Les conseillers américains de la CIA des unités utilisent des pseudonymes ou des indicatifs d’appel plutôt que des noms. Publier des séances d’information détaillées avant la mission; et accompagner les paramilitaires afghans sur le terrain lors des raids.
Les Afghans et les Américains sont transportés la nuit vers des villages reculés par des hélicoptères américains, et des avions d’assaut américains les survolent pendant qu’ils mènent leurs raids, fournissant une puissance de feu mortelle qui est parfois dirigée vers des cliniques de santé.
Malgré des comptes rendus détaillés des crimes de guerre dirigés par les Américains, le rapport de The Intercept a été accueilli par un quasi-silence de la part des médias américains.
Jake Tapper de CNN a retweeté l’article, mais sinon, il y a peu d’indications que les médias américains se soucient. Comme le note Ryan Grim, le journaliste d’Intercept, «cela fait deux jours que cette histoire a été publiée, et les médias grand public sont restés largement silencieux à ce sujet. Imaginez si les médias traitaient le massacre de My Lai de cette façon. (En fait, la presse grand public s’est arrêtée sur les avertissements du lanceur d’alerte Ron Ridenhour à propos de My Lai pendant un an avant que Seymour Hersh et le délabré Dispatch News Service ne rompent le silence.)
Grim a également suggéré que l’administration Biden pourrait vouloir rendre justice aux auteurs de ces crimes de guerre présumés.
«L’un des partisans les plus fervents d’apporter un bon œil juridique à la guerre a été Avril Haines, qui sera le directeur du renseignement national de Joe Biden», observe Grim.
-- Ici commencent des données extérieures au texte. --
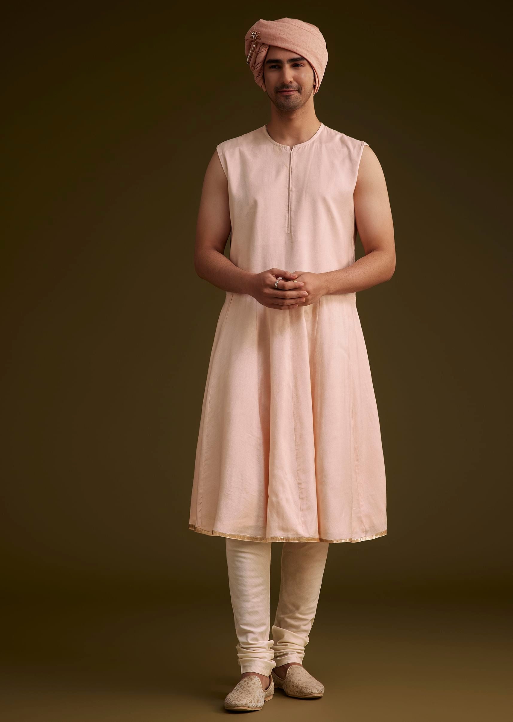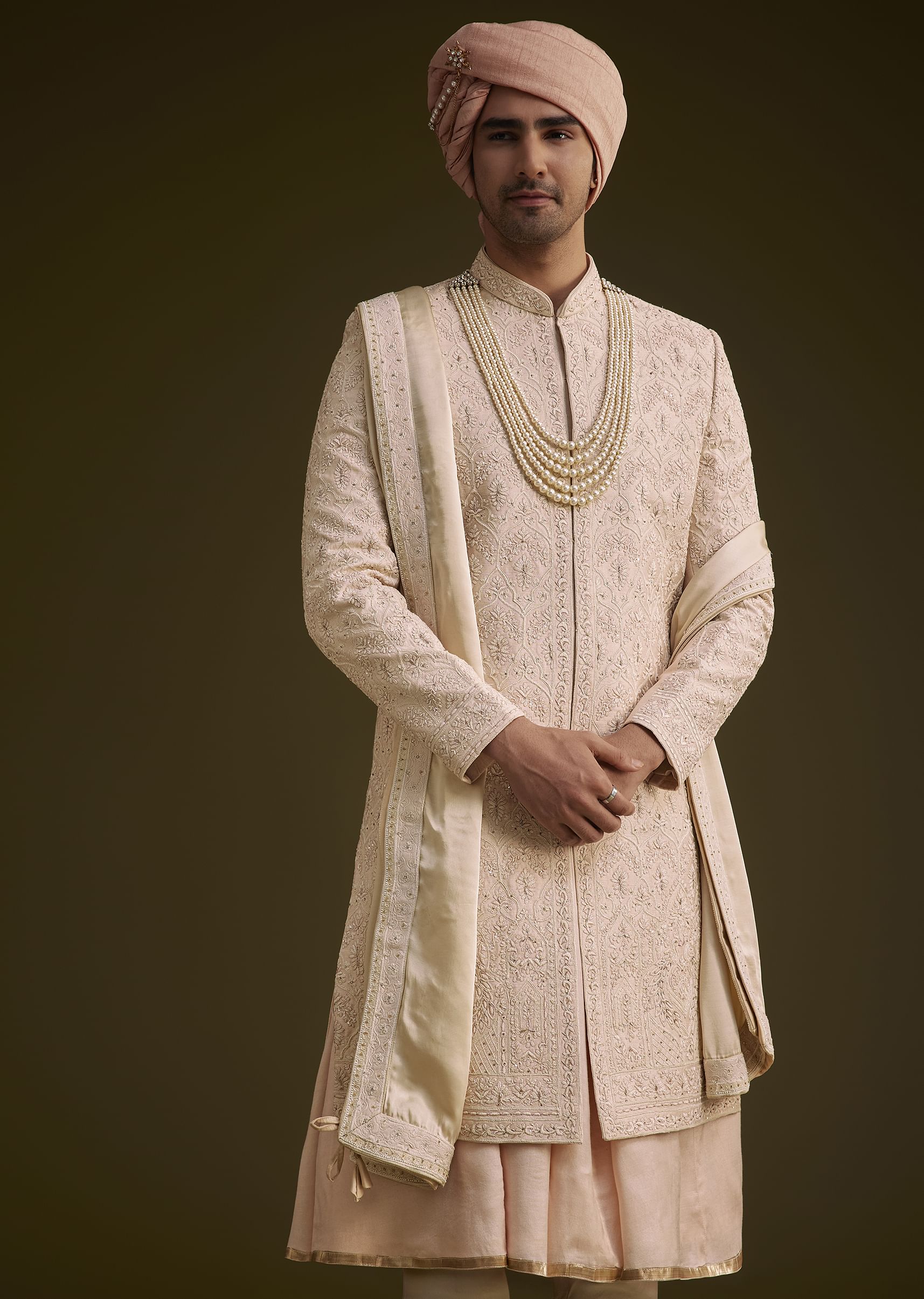 Baby Pink Silk Sherwani Set With Resham Embroidery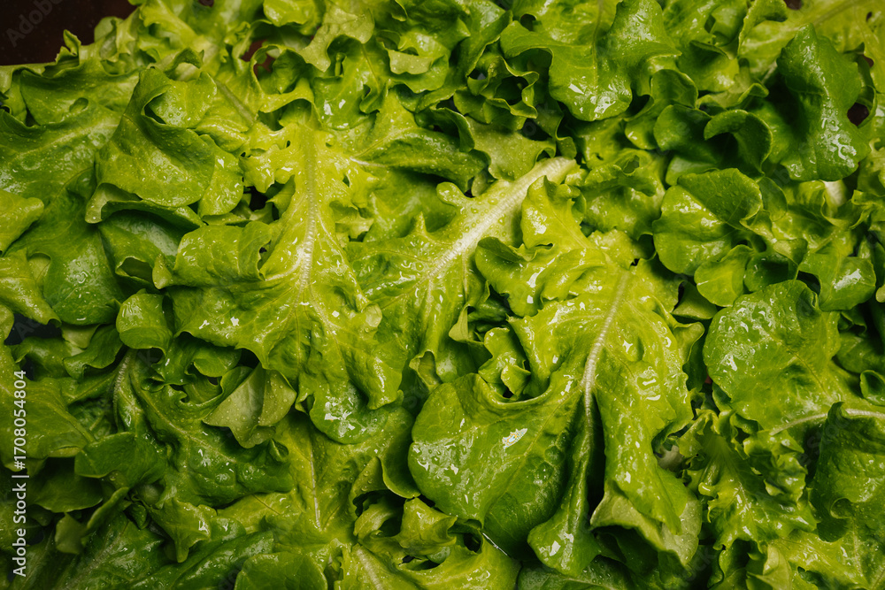 Top view of freshly harvested green lettuce leaves forming textured and vibrant backdrop, perfect for showcasing healthy recipes, close-up, nobody. Concept of promoting benefits of plant-based diet.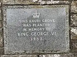 A kauri grove of 70 saplings was planted in memory of King George VI.[4]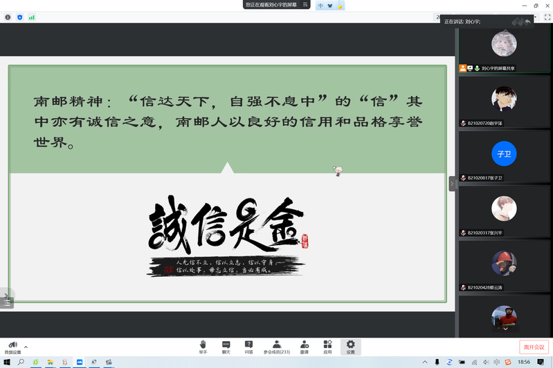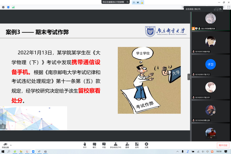 大会伊始,辅导员刘心宇从南邮精神的内涵切入,告诉同学们“信达天下,自强不息”中“信”其中亦有诚信之意,勉励同学们南邮人要以良好的信用和品格享誉世界。刘心宇老师通过讲述相关案例,和同学们深入探讨了考试中不可触碰的“底线”,并希望同学们在考试中以诚为本。随后,刘心宇老师强调了在有疫情的当下,要承担诚信的基本责任,不信不立,不诚不行。

«Elle aura l’autorité et la capacité de découvrir qui, au sein de la CIA, a participé à ces opérations et de les traduire en justice. »
C’est un espoir désespéré étant donné l’échec de l’administration Obama à lutter contre les crimes de guerre commis par la CIA sous George W. Bush. De plus, Biden lui-même est ambigu sur l’Afghanistan d’une manière qui rappelle Trump lui-même.